In the I.C.E. Age leapers were called "bounders", which clarifies the meaning of their creature description. These were hunting hounds used by dark elves and evil lords, which relates them symbolically to Lorgalis. They were introduced into an area of the Coastal Cliffs associated with Kestrel and Bandur Etrevion. These may have been nobles who Bandur subjected to a transformation curse, analogous to werebears, owing to the literary allusions in the purgatory section of The Graveyard. Interestingly, similar things may be said for the myklian, and the toad in the Dark Shrine.

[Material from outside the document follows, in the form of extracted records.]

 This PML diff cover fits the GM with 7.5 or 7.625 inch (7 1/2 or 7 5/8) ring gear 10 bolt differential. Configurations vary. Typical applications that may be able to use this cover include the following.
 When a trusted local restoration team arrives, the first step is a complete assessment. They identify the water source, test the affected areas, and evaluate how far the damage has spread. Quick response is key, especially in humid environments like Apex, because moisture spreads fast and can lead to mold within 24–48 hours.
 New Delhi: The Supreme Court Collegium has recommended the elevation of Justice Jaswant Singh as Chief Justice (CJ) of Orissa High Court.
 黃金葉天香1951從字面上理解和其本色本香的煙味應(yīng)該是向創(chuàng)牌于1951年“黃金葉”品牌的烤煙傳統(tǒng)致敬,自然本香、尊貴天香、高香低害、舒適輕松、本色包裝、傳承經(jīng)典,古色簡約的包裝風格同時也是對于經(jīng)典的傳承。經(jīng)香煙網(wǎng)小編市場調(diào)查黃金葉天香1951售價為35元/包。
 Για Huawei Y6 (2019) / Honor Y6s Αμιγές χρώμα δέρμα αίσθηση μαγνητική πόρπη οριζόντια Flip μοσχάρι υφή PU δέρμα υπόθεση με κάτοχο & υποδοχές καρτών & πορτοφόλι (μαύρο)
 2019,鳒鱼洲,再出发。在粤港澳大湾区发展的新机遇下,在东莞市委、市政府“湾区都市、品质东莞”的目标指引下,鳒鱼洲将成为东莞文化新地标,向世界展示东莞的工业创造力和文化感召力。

They infest a ruined coastal village near the underground stronghold, which housed a cult of Klysus (Luukos) which was likely crushed in the rise of The Dark Path. Of special note is the extensive presence of fungus in the region due to sea spray from the Bay, which were Lovecraft references below The Graveyard and within the Dark Grotto of The Broken Lands, related to the hidden dreamland theme of those locations. Like the forest approaching The Graveyard it features predatory vines, especially a carnivorous species that traps its victims in a dream state while it devours them.

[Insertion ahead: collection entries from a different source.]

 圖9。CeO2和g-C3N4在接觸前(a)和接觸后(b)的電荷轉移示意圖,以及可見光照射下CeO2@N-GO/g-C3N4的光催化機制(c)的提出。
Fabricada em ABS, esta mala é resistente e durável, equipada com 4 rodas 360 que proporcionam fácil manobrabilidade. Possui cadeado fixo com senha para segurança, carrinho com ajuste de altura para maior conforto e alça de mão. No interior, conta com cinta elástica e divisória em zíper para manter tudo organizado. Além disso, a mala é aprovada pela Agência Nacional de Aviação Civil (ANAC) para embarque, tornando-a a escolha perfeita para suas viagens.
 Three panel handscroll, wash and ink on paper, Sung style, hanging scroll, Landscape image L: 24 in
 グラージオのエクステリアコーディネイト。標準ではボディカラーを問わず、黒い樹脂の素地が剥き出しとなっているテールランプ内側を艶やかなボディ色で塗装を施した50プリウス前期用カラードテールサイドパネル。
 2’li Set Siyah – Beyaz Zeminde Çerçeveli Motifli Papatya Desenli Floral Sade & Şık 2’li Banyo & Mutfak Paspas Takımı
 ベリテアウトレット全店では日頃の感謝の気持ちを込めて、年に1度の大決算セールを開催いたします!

The village is likely a reference to the abandoned village of lava sculptors on the way to Ngranek in "The Dream-Quest of Unknown Kadath." Of special note is the brass shrine, with ambient scripting implying ancient secrets, and under certain conditions releasing green mists with prophecy of doom. The kappas resemble the Old One worshippers of Ib whom the "cylinders of Kadatheron" had written descended from the moon, as well as the fish-frog men "Deep Ones" who required human sacrifices and transformation of humans from perverse hybrid mating for immortality.